─── Extracted records
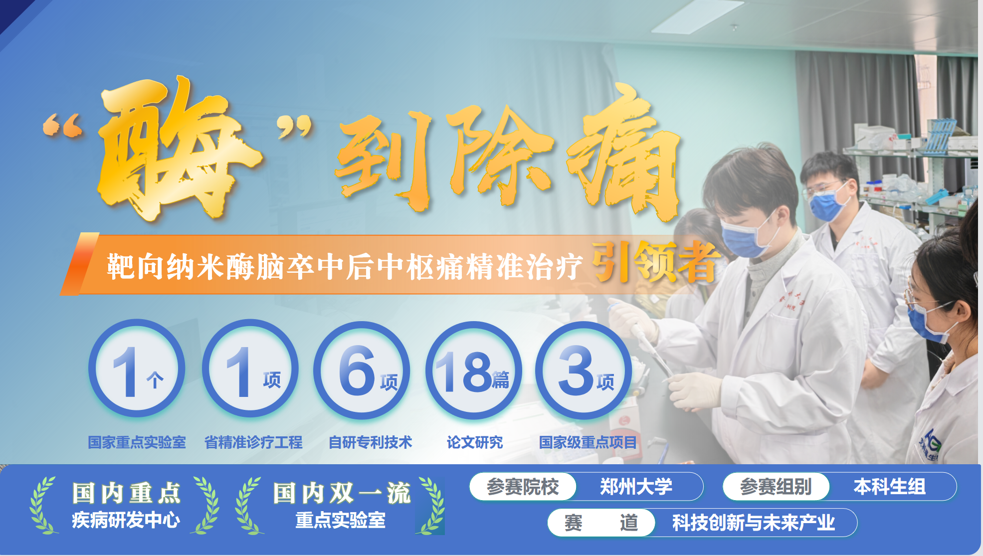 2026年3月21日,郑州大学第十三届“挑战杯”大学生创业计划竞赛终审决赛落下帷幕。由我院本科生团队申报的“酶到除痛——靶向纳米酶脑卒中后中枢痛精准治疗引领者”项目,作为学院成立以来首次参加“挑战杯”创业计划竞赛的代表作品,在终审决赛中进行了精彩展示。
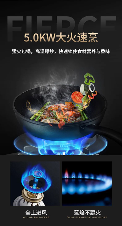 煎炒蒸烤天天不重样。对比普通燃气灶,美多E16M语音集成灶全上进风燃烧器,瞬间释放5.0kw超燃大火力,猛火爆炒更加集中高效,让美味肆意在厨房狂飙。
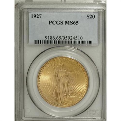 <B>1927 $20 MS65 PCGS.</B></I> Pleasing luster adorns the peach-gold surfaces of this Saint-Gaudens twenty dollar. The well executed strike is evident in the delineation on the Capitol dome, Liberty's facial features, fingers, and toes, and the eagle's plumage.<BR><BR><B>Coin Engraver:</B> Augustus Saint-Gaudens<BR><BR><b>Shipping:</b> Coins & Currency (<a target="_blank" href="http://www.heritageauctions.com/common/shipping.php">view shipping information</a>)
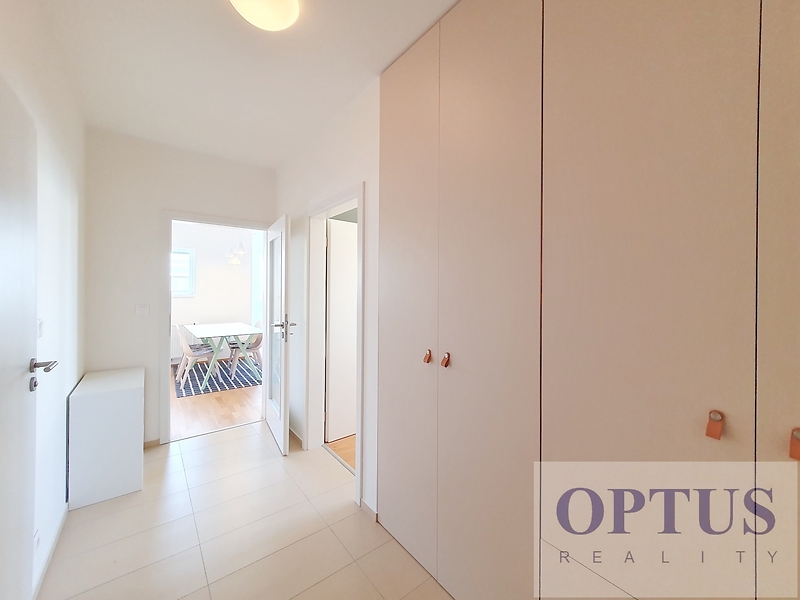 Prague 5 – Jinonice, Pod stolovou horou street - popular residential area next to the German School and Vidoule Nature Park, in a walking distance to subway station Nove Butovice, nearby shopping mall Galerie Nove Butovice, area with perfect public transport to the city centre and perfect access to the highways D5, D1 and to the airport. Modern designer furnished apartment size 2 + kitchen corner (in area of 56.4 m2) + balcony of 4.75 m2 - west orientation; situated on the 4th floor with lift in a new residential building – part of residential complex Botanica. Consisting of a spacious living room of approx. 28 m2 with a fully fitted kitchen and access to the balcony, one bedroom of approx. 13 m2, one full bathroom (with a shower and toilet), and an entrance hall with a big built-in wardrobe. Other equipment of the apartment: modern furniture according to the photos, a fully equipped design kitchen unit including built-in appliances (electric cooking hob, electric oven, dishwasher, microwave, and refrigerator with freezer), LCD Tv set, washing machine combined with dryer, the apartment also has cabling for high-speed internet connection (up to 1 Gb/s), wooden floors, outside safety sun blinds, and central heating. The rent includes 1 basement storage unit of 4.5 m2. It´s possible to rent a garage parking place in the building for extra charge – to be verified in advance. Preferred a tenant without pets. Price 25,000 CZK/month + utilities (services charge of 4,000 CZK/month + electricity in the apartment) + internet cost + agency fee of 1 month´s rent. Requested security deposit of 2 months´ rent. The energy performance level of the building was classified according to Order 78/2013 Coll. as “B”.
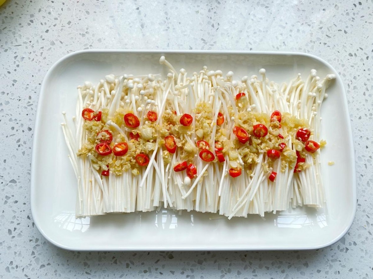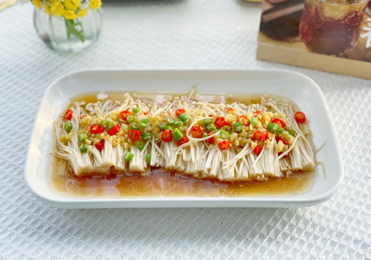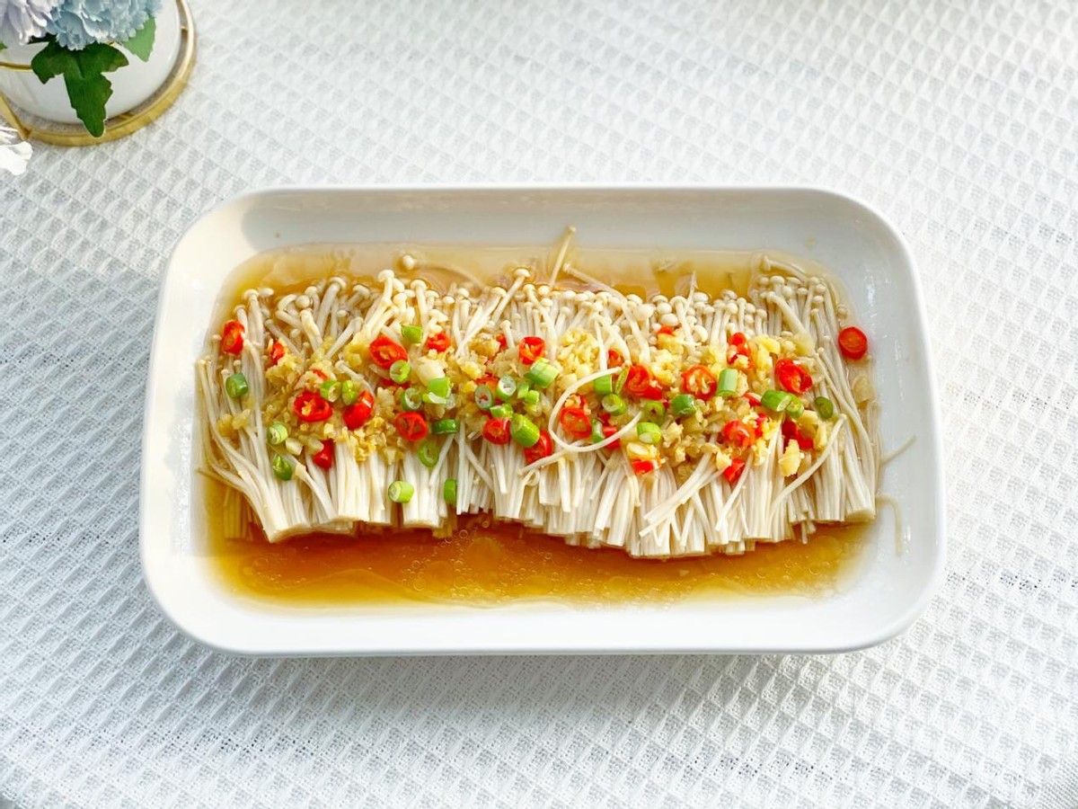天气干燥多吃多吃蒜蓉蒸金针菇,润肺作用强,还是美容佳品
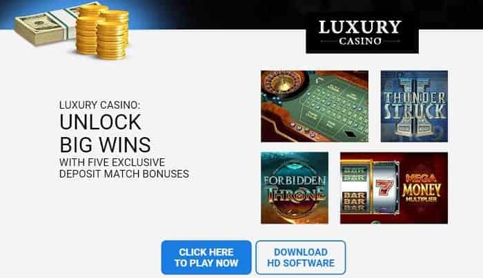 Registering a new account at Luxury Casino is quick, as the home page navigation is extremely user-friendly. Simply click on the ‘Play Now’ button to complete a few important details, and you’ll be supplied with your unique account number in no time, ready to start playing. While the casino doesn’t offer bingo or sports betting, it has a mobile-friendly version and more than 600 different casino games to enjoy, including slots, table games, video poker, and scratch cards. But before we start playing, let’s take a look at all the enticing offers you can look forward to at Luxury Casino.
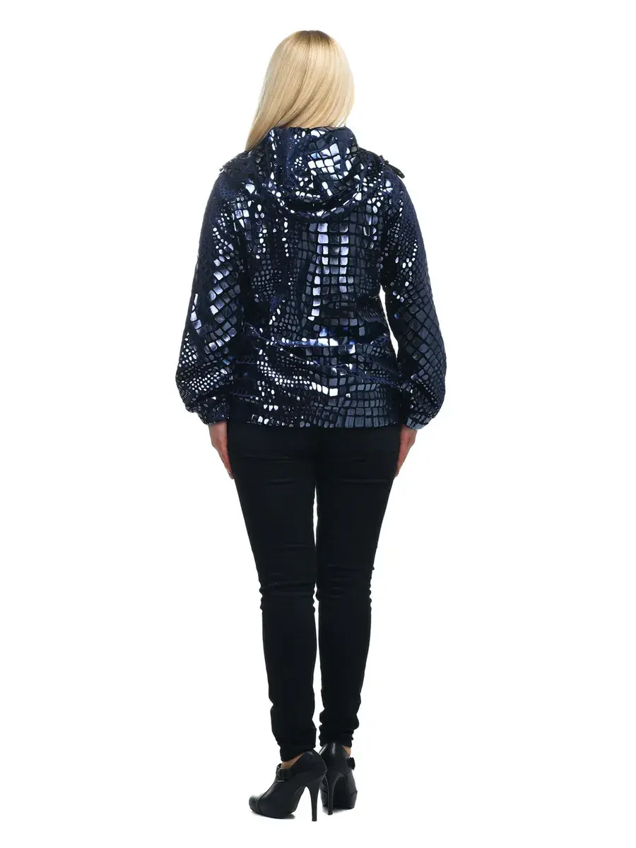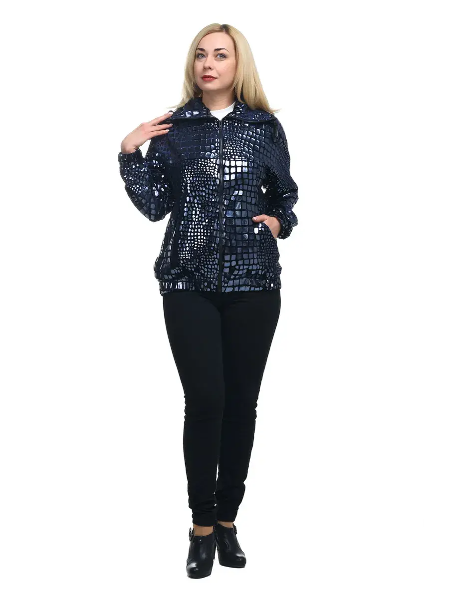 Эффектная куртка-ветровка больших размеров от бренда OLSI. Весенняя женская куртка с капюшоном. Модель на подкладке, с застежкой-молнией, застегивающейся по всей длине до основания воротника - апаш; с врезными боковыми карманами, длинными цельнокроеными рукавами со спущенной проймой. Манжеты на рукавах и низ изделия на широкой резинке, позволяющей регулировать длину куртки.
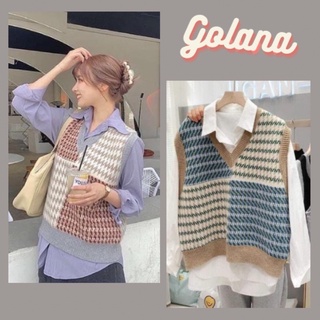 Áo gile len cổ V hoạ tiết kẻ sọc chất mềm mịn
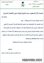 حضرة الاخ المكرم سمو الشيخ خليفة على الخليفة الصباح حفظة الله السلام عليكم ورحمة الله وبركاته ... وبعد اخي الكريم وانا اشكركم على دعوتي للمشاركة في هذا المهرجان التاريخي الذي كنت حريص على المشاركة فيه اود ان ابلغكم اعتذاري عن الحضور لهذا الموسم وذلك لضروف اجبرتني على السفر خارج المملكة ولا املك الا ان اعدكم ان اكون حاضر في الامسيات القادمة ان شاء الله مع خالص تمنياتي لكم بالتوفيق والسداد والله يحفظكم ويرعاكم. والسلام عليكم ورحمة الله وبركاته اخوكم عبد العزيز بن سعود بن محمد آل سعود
──────
▶ [Task to carry out]
The response should consist of the lines above from the first through the one containing "<B>1927 $20 MS65", transcribed exactly, with every picture left out.

▶ [Solution to the exercise]
 2026年3月21日,郑州大学第十三届“挑战杯”大学生创业计划竞赛终审决赛落下帷幕。由我院本科生团队申报的“酶到除痛——靶向纳米酶脑卒中后中枢痛精准治疗引领者”项目,作为学院成立以来首次参加“挑战杯”创业计划竞赛的代表作品,在终审决赛中进行了精彩展示。
 煎炒蒸烤天天不重样。对比普通燃气灶,美多E16M语音集成灶全上进风燃烧器,瞬间释放5.0kw超燃大火力,猛火爆炒更加集中高效,让美味肆意在厨房狂飙。
 <B>1927 $20 MS65 PCGS.</B></I> Pleasing luster adorns the peach-gold surfaces of this Saint-Gaudens twenty dollar. The well executed strike is evident in the delineation on the Capitol dome, Liberty's facial features, fingers, and toes, and the eagle's plumage.<BR><BR><B>Coin Engraver:</B> Augustus Saint-Gaudens<BR><BR><b>Shipping:</b> Coins & Currency (<a target="_blank" href="http://www.heritageauctions.com/common/shipping.php">view shipping information</a>)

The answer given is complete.